* Record excerpts *
:::::

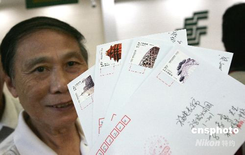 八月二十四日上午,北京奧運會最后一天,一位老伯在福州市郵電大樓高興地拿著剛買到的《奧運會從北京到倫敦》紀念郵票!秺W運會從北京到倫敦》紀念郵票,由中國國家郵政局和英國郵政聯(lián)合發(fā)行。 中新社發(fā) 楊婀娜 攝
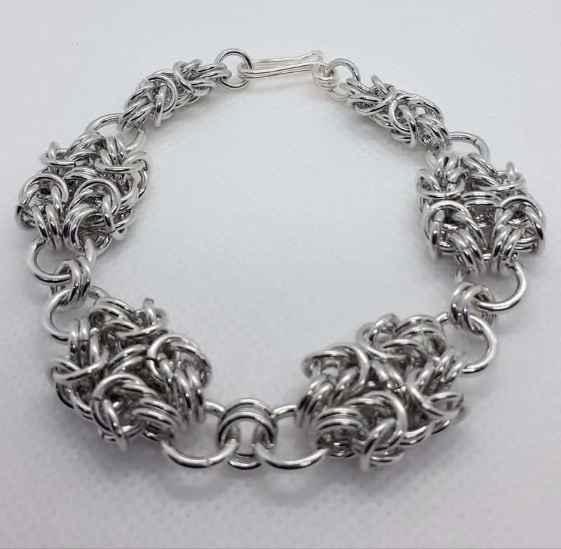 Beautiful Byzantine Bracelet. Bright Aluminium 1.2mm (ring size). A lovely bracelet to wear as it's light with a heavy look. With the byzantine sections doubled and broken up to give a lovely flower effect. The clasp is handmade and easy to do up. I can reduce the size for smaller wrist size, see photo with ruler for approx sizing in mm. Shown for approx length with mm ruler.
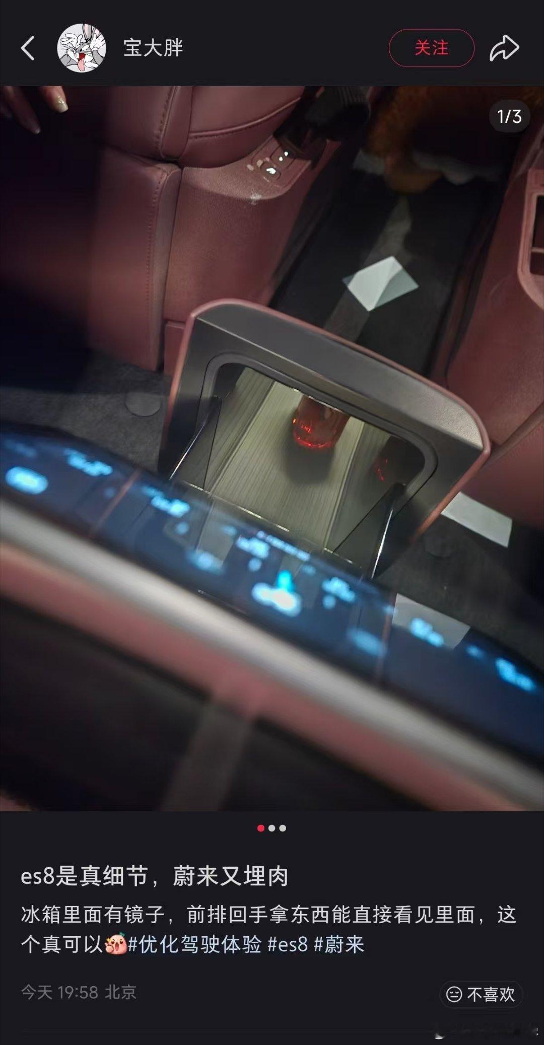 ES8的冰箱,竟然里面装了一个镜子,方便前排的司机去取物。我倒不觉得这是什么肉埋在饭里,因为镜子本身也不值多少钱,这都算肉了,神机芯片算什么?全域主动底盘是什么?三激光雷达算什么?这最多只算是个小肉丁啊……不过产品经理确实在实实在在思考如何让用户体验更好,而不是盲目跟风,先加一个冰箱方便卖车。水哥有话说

:::::

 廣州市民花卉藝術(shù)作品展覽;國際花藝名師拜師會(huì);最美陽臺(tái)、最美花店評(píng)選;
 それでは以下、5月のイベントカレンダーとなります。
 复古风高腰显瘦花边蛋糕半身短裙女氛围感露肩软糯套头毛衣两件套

:::::

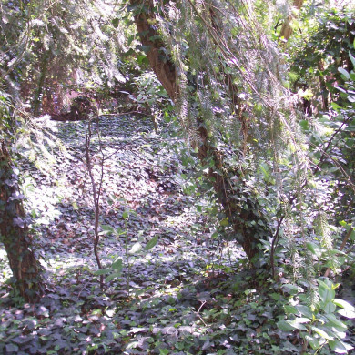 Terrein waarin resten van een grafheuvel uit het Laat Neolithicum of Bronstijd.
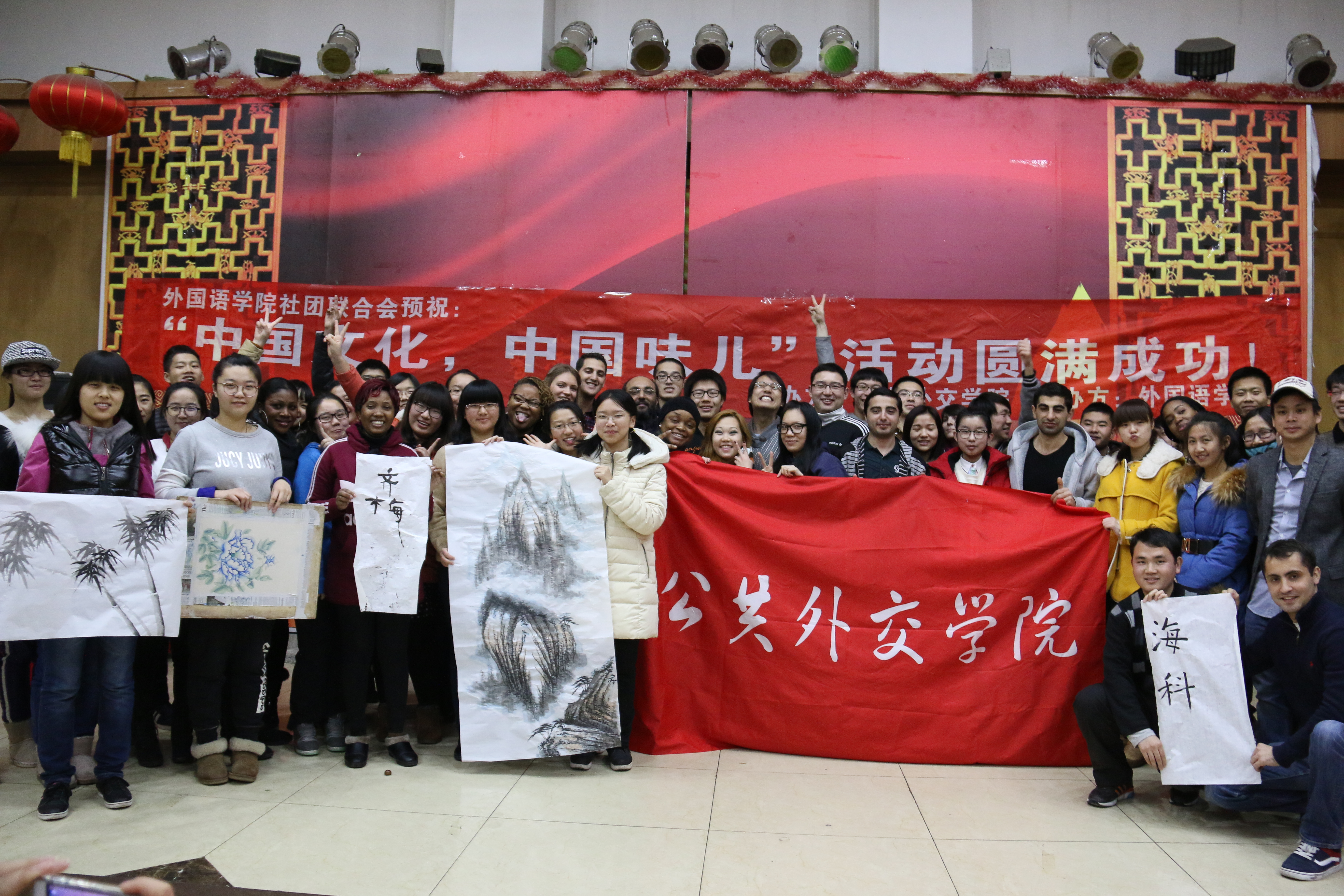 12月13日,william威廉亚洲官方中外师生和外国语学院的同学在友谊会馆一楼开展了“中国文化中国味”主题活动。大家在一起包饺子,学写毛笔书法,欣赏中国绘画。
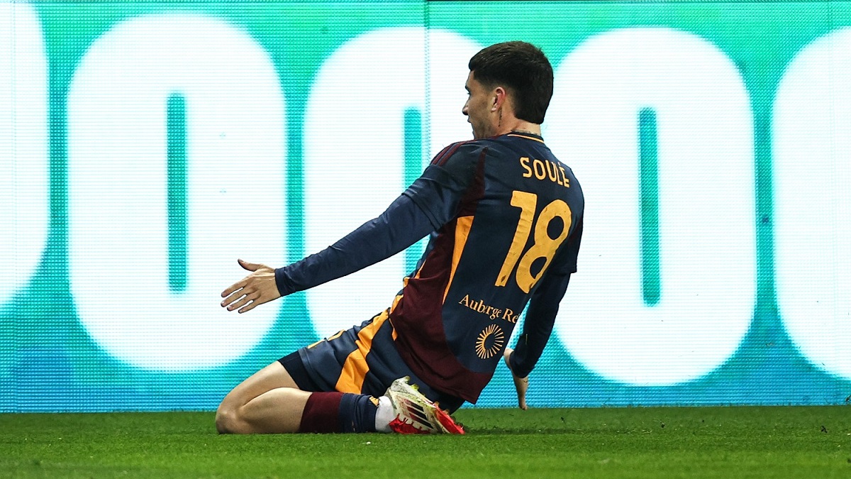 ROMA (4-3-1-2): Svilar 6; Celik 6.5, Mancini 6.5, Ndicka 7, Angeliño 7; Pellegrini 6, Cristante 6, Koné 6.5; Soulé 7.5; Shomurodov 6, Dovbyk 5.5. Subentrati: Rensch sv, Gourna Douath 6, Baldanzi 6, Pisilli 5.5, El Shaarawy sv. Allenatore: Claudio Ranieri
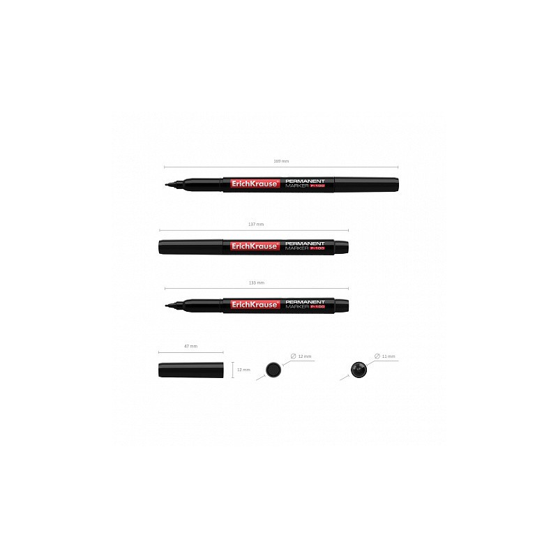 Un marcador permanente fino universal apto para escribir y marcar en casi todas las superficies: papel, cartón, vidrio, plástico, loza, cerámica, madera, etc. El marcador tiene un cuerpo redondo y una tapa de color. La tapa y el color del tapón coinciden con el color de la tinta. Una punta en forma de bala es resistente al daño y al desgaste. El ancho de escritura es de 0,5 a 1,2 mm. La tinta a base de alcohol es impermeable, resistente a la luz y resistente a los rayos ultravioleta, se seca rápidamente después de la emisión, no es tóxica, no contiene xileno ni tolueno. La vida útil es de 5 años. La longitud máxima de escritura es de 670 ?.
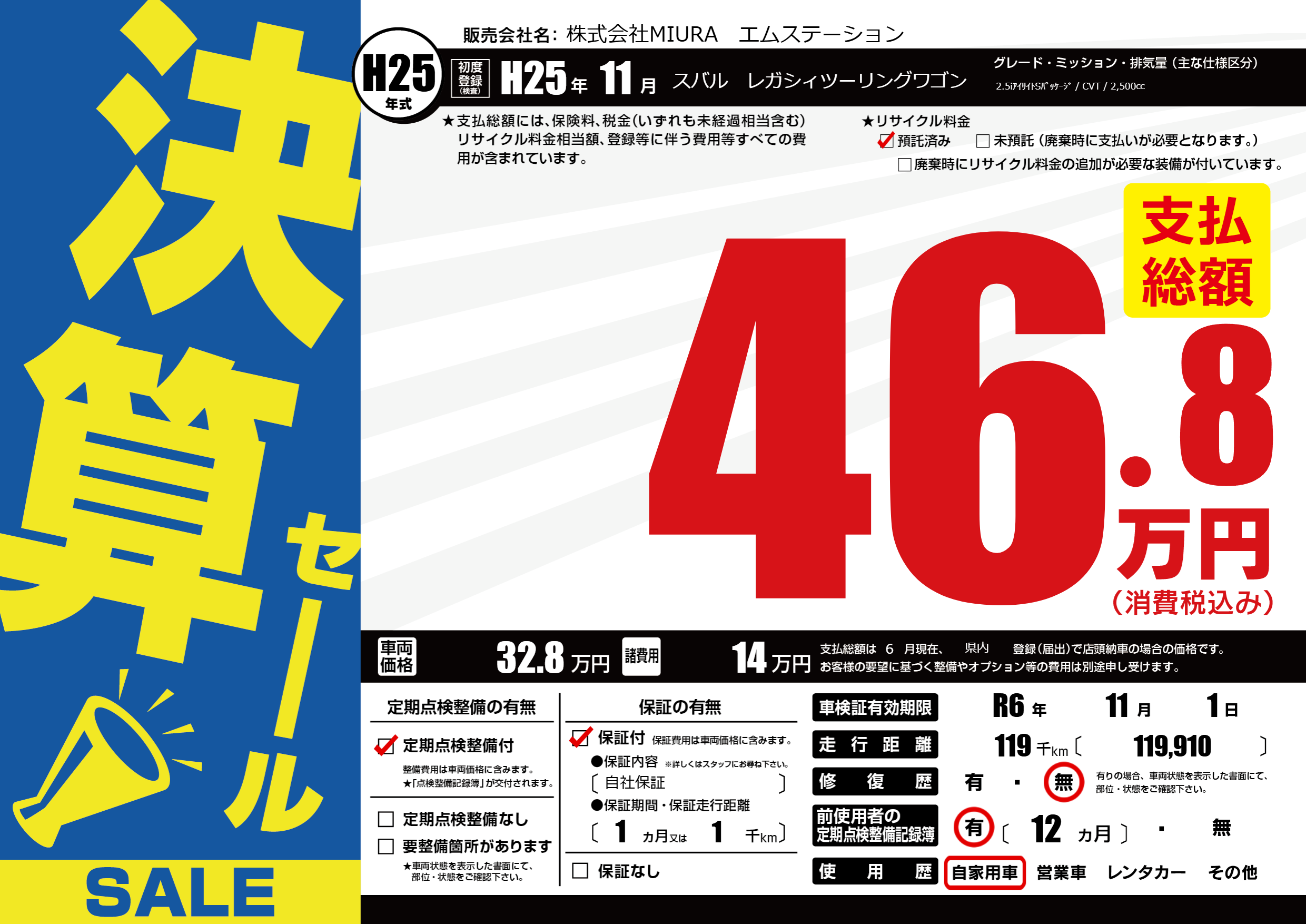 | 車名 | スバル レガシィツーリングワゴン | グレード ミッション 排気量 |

:::::

* The problem *
Using the entries above, transcribe exactly from the line that has "中新社發(fā) 楊婀娜 攝" through the line that has "Beautiful Byzantine Bracelet.". Pictures are dropped.

* Finished task *
 八月二十四日上午,北京奧運會最后一天,一位老伯在福州市郵電大樓高興地拿著剛買到的《奧運會從北京到倫敦》紀念郵票!秺W運會從北京到倫敦》紀念郵票,由中國國家郵政局和英國郵政聯(lián)合發(fā)行。 中新社發(fā) 楊婀娜 攝
 Beautiful Byzantine Bracelet. Bright Aluminium 1.2mm (ring size). A lovely bracelet to wear as it's light with a heavy look. With the byzantine sections doubled and broken up to give a lovely flower effect. The clasp is handmade and easy to do up. I can reduce the size for smaller wrist size, see photo with ruler for approx sizing in mm. Shown for approx length with mm ruler.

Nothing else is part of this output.